Ночь пролетела, за ней прошли еще два дня, и семейство Боргезе уехало из Рима. Аббас Дада ежечасно напоминал мне, что этот год принесет мне с собой имя и сан аббата. Я учился прилежно и почти не виделся с Бернардо и вообще со знакомыми. Недели шли, шли и месяцы, и вот настал день экзамена, после которого я надел черное платье и короткий шелковый плащ аббата.

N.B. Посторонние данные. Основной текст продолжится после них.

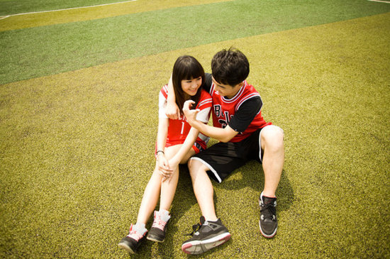 大學生情侶籃球場親密照秀恩愛
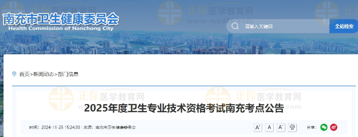 2025年度衛(wèi)生專業(yè)技術(shù)資格考試南充考點(diǎn)公告
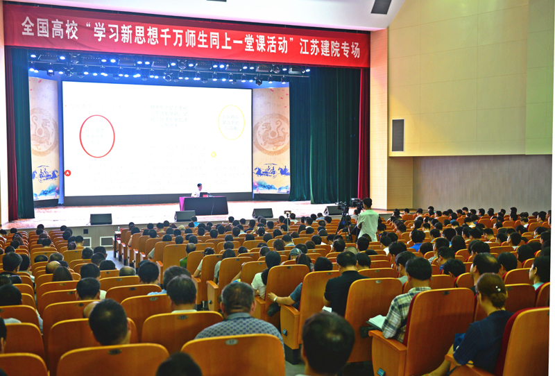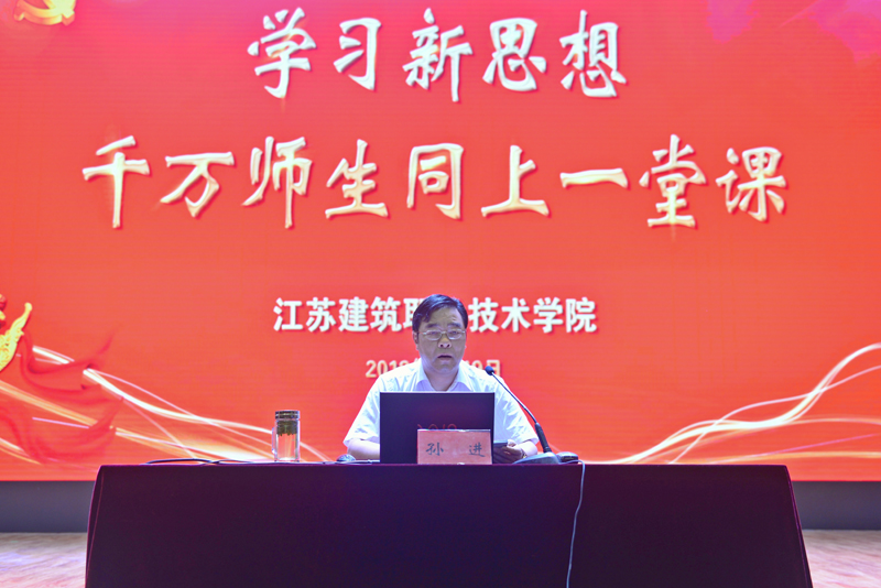为深入学习宣传贯彻习近平总书记在北京大学师生座谈会和纪念马克思诞辰 200 周年大会上重要讲话精神,6月19日下午,我校在会堂举行全国高校“学习新思想千万师生同上一堂课”宣讲活动。江苏省讲师团成员、校党委书记孙进教授以《重温光辉思想致力立德树人》为题,从“马克思与马克思主义,马克思主义的当代价值,学好马克思主义、致力于立德树人”三个方面进行了宣讲,为全校师生上了一堂生动的思想政治理论课。
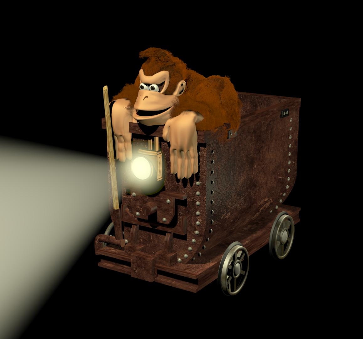 It's looking wonderful! I do agree with mrmugenwii about DK's fingers. His palms should be on top of the cart's edge with his fingers down the front. Also, I know that your minecart is either too big or DK is too small, but I really don't see that as too much of an issue.
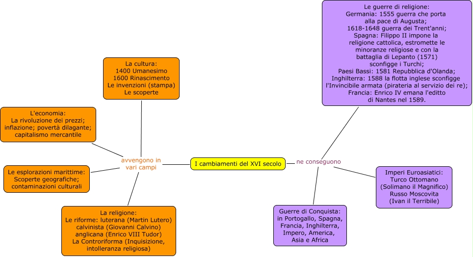 Questa Cmap, creata con IHMC CmapTools, contiene informazioni relative a: Cambiamenti del XVI secolo (Andrea), I cambiamenti del XVI secolo avvengono in vari campi Le esplorazioni marittime: Scoperte geografiche; contaminazioni culturali, I cambiamenti del XVI secolo ne conseguono Guerre di Conquista: in Portogallo, Spagna, Francia, Inghilterra, Impero, America, Asia e Africa, I cambiamenti del XVI secolo avvengono in vari campi L'economia: La rivoluzione dei prezzi; inflazione; povertà dilagante; capitalismo mercantile, I cambiamenti del XVI secolo ne conseguono Imperi Euroasiatici: Turco Ottomano (Solimano il Magnifico) Russo Moscovita (Ivan il Terribile), I cambiamenti del XVI secolo avvengono in vari campi La cultura: 1400 Umanesimo 1600 Rinascimento Le invenzioni (stampa) Le scoperte, I cambiamenti del XVI secolo ne conseguono Le guerre di religione: Germania: 1555 guerra che porta alla pace di Augusta; 1618-1648 guerra dei Trent'anni; Spagna: Filippo II impone la religione cattolica, estromette le minoranze religiose e con la battaglia di Lepanto (1571) sconfigge i Turchi; Paesi Bassi: 1581 Repubblica d'Olanda; Inghilterra: 1588 la flotta inglese sconfigge l'Invincibile armata (pirateria al servizio dei re); Francia: Enrico IV emana l'editto di Nantes nel 1589., I cambiamenti del XVI secolo avvengono in vari campi La religione: Le riforme: luterana (Martin Lutero) calvinista (Giovanni Calvino) anglicana (Enrico VIII Tudor) La Controriforma (Inquisizione, intolleranza religiosa)
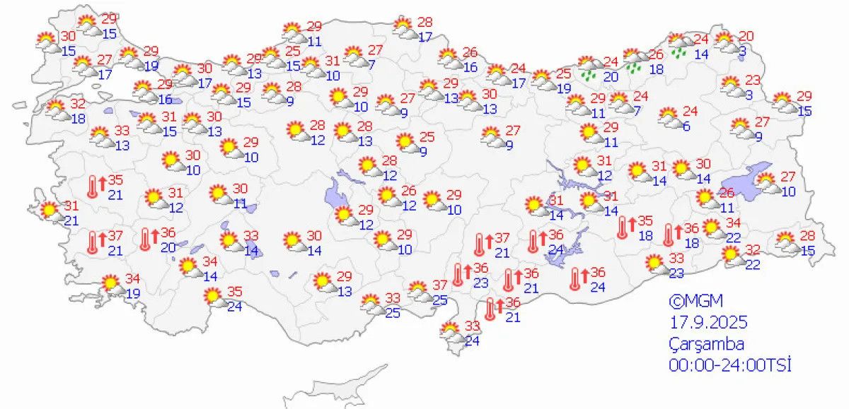 17 Eylül Çarşamba Günü Hava Tahmin Raporu
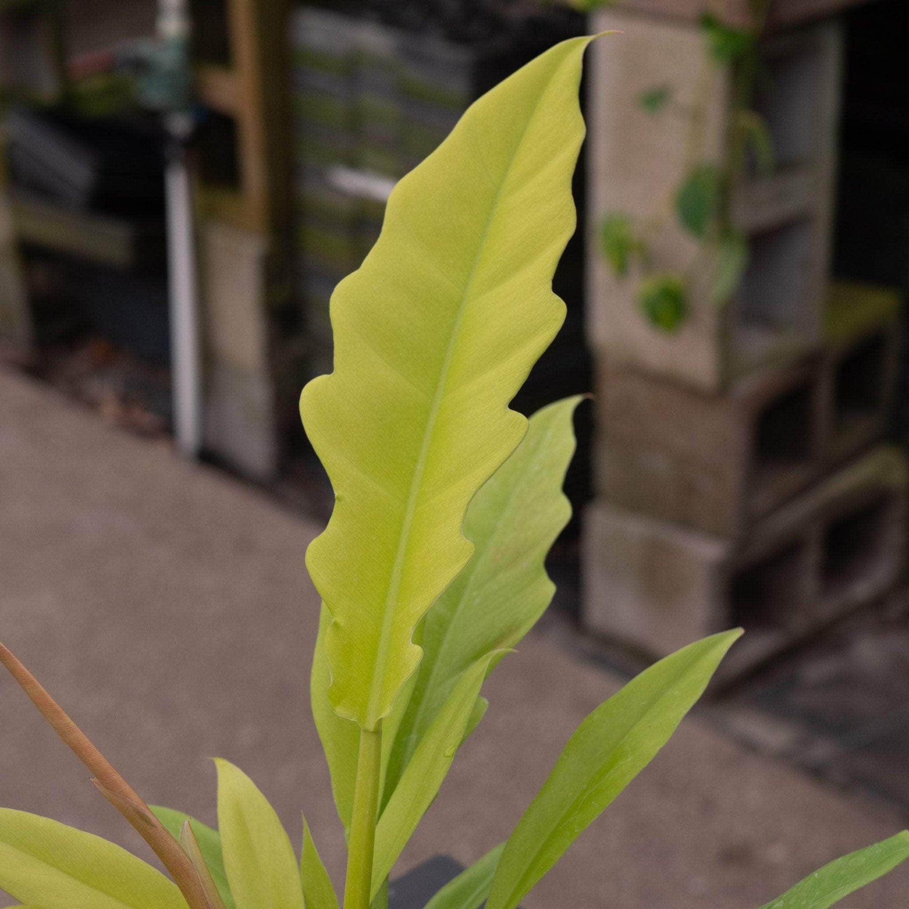 Philodendron 'Golden Crocodile’ is a really cool mutation of the saw toothed philodendron with foliage in exciting and vibrant shades of golden green that develop deeply serrated leaf margins as it matures. Also commonly referred to as 'Golden Saw’ and ‘Neon Ring of Fire'
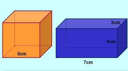 Cho hình lập phương và hình hộp chữ nhật có kích thước như hình vẽ:
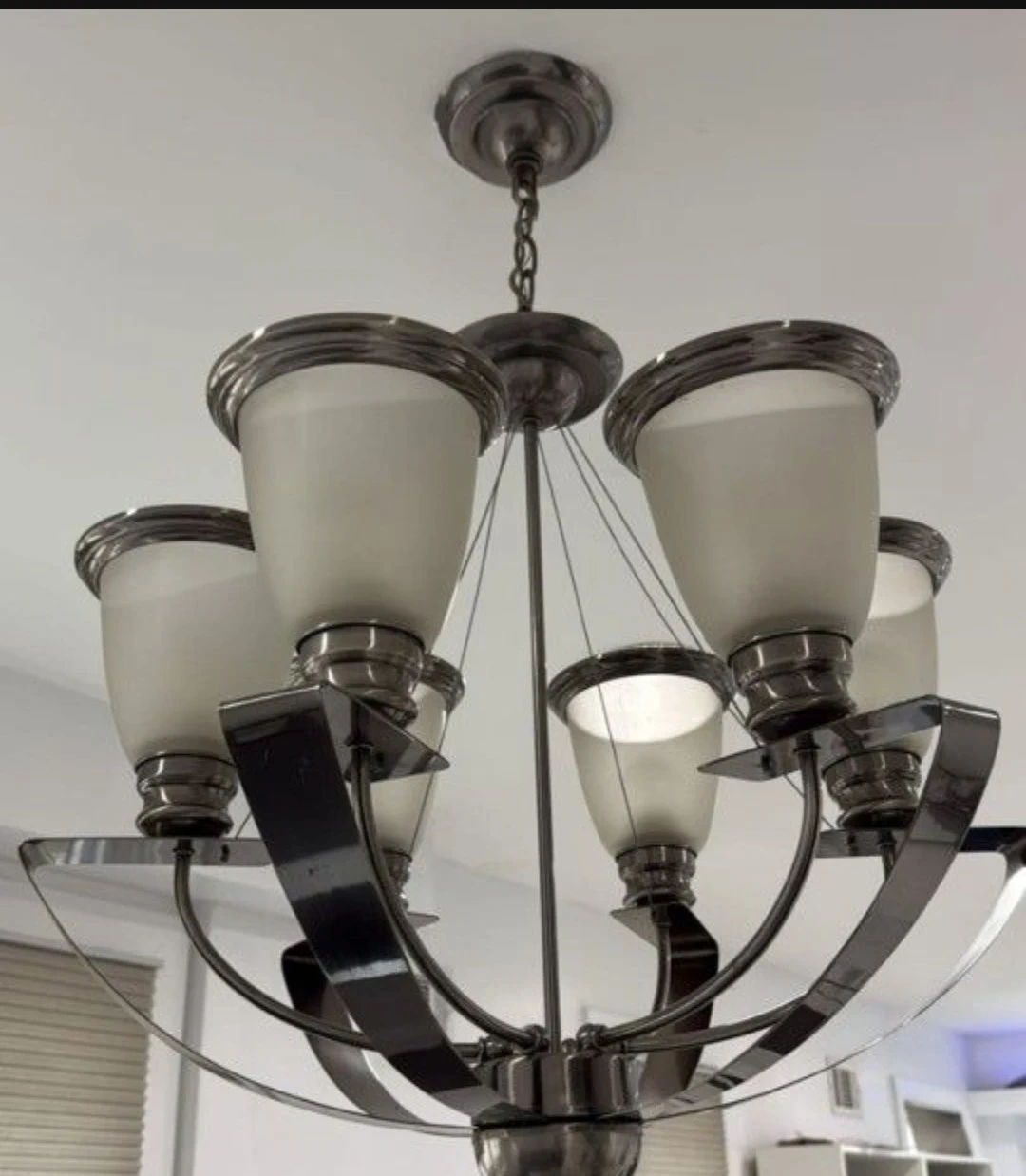 6 light chandelier .25 inches wide, 25 inches height. Paid $500. Works great. $75 great price. Pickup ASAP. CASH. Sheepshead bay brooklyn
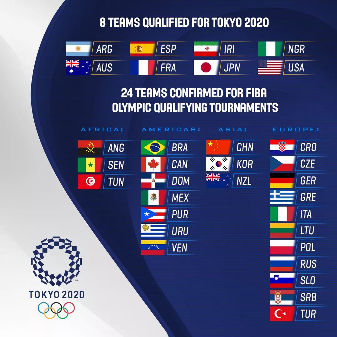 8 teams qualified directly to @Tokyo2020, the 4 remaining places in the 12-team field are reserved for the winners of each of the 4 @FIBA Olympic Qualifying Tournaments.@AngolanBasket 🇦🇴 & @FSBBOFFICIEL 🇸🇳 join @ftbb_tunisie 🇹🇳 in the OQT.#Tokyo2020 #Olympic #CoachMills pic.twitter.com/Y5EHMiO7zy
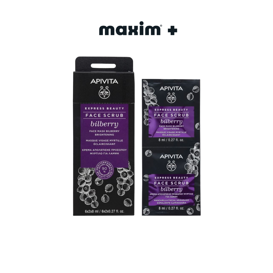 Apivita Express Beauty Face Scrub Blueberry για Λάμψη με Μύρτιλλο 2x8ml
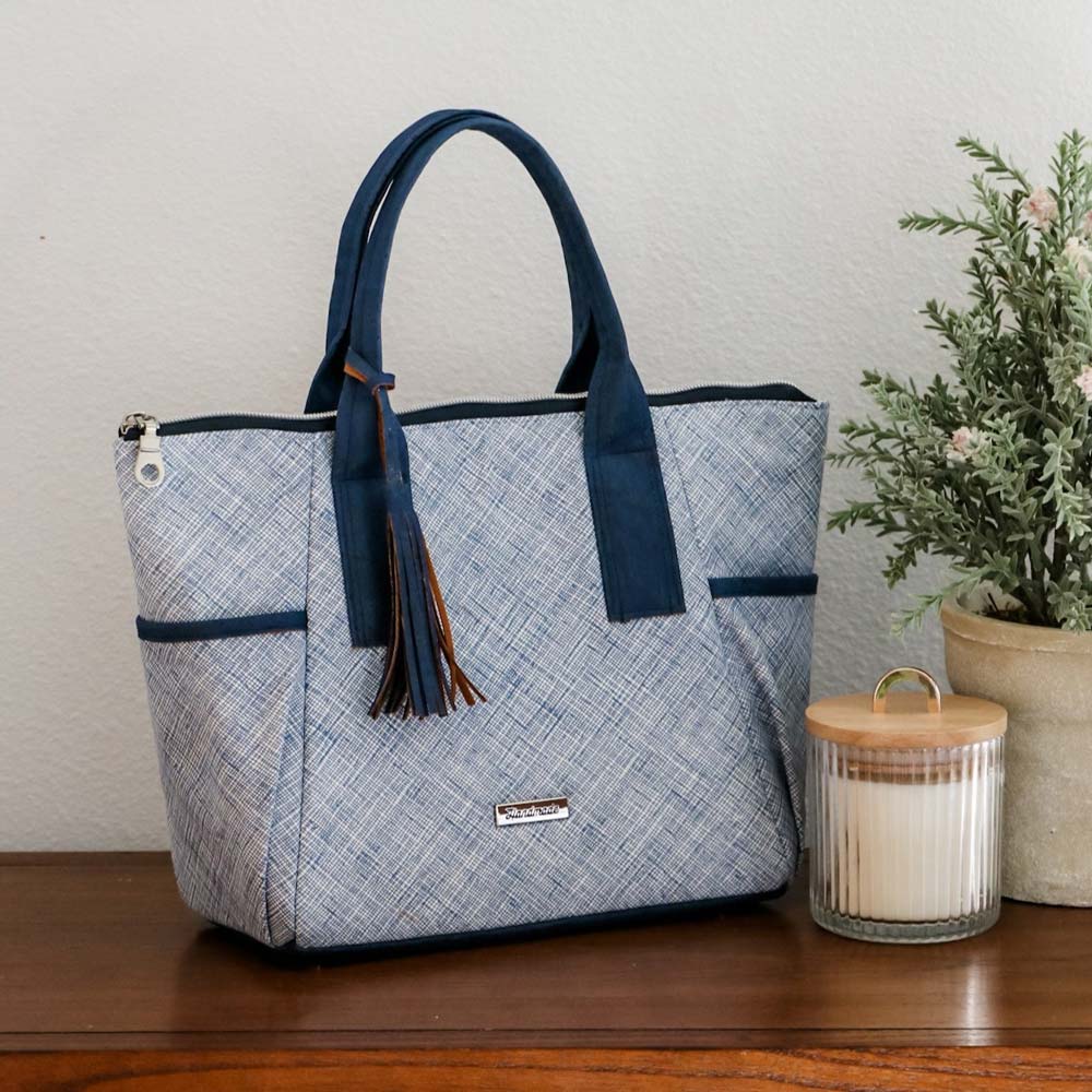 Whether your customers are just starting their sewing journey, or are seasoned bag makers, our Making Bags Book Club is a great way to build their confidence in bag making. During this six-part club series, they'll learn the foundational knowledge of bag making, explore new materials, techniques, and make 5 skill-building projects. By now, hopefully, your customers feel prepared to tackle a more challenging style of bag and put their knowledge to the test. This handbag has been designed to make a sophisticated statement every day. The convenient side pockets give easy access to small essentials, and the roomy interior secured with a zipper closure provides space for larger items.
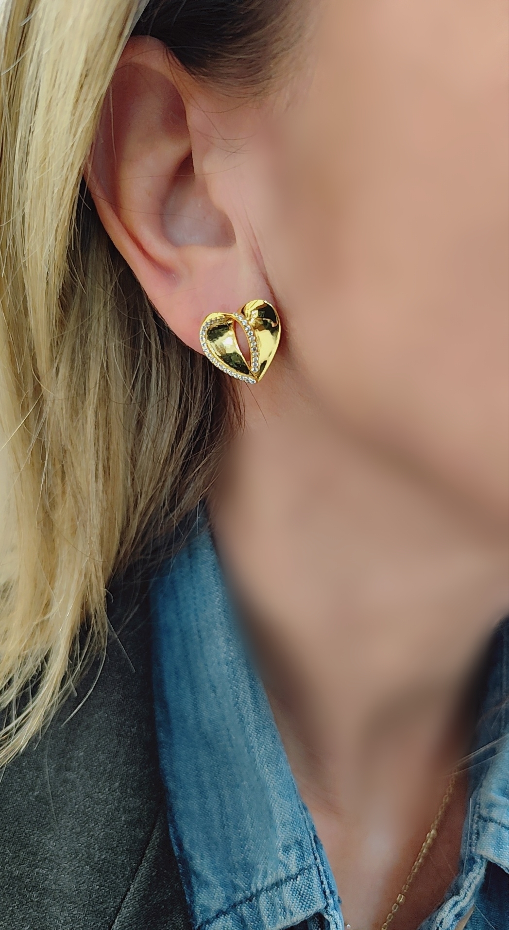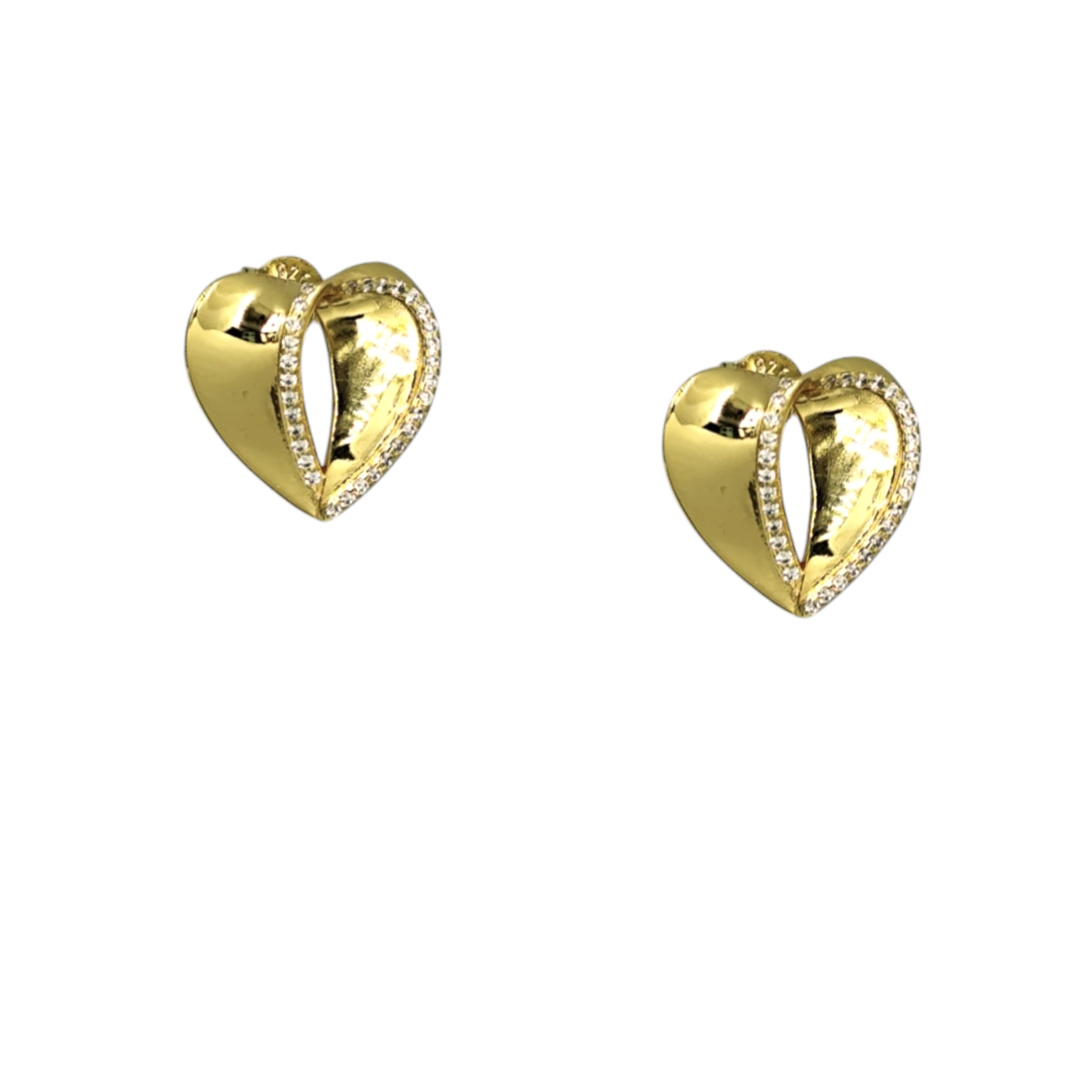 Σκουλαρίκια χρυσά σε σχήμα καρδιάς διακοσμημέν με λευκά ζιγκόν από ασήμι 925° ,ιδανικό κόσμημα για εντυπωσιακές αλλά και καθημερινές εμφανίσεις
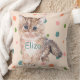 Custom watercolor cat polka dots nursery pink kids throw pillow.

Все, казалось, торжествовало вместе со мною: и высокие пинии, и только что распустившиеся анемоны, и крики на улице, и легкое облачко, скользившее по голубому небу!.. Надев черный шелковый плащ аббата, я как будто стал другим, более счастливым человеком. Франческа прислала мне на мои нужды и удовольствия чек на сто скудо. Это привело меня в еще более радужное настроение, и я помчался на Испанскую лестницу, бросил дядюшке Пеппо блестящий скудо и быстро удалился, не слушая его криков: «Eccellenza, Eccellenza, Антонио!»

Было начало февраля; миндальные деревья уже цвели, апельсины начинали золотиться; приближался веселый карнавал, словно нарочно совпавший с моим поступлением в аббаты, чтобы достойно отпраздновать его. Трубачи-герольды, разъезжавшие на конях, с развевающимися бархатными знаменами в руках, уже возвестили о приближении празднества. Еще ни разу в жизни не приходилось мне как следует насладиться удовольствиями карнавала, всласть упиться зрелищем этого общего народного праздника, когда все – и стар, и млад, и бедный, и богатый – веселятся напропалую. Когда я был ребенком, матушка моя никогда не пускала меня в толпу, боясь, что меня задавят, и мне поэтому удавалось полюбоваться всем этим весельем только мельком, стоя с матушкой где-нибудь на углу. Во время пребывания в коллегии я видел празднество не лучше; нам, воспитанникам, разрешалось смотреть на него только с одного определенного места – с плоской крыши флигеля палаццо дель Дориа. О том же, чтобы самому принимать участие во всем, порхать с одного конца улицы на другой, побывать в Капитолии и в Травестере, словом, где захочется, – нечего было и думать. Немудрено, что я теперь с такой жадностью бросился в этот вихрь удовольствий и радовался всему, как дитя. Я и не чаял, что тут-то как раз и наступит важнейшая эпоха моей жизни, что событие, когда-то живо занимавшее меня, вновь воскреснет, что забытое зерно, невидимкой лежавшее в моей душе, взойдет зеленым душистым ростком, который крепко обовьется вокруг дерева моей жизни.

Карнавал поглощал все мои мысли. Ранним утром я побывал на площади дель Пополо, чтобы полюбоваться приготовлениями к бегу лошадей, а вечером бродил по Корсо, рассматривая выставленные в окнах пестрые карнавальные наряды и фигуры в масках и полных костюмах. Я взял напрокат костюм адвоката, как один из наиболее веселых и забавных, и почти не спал всю эту ночь, приготовляясь к своей новой роли.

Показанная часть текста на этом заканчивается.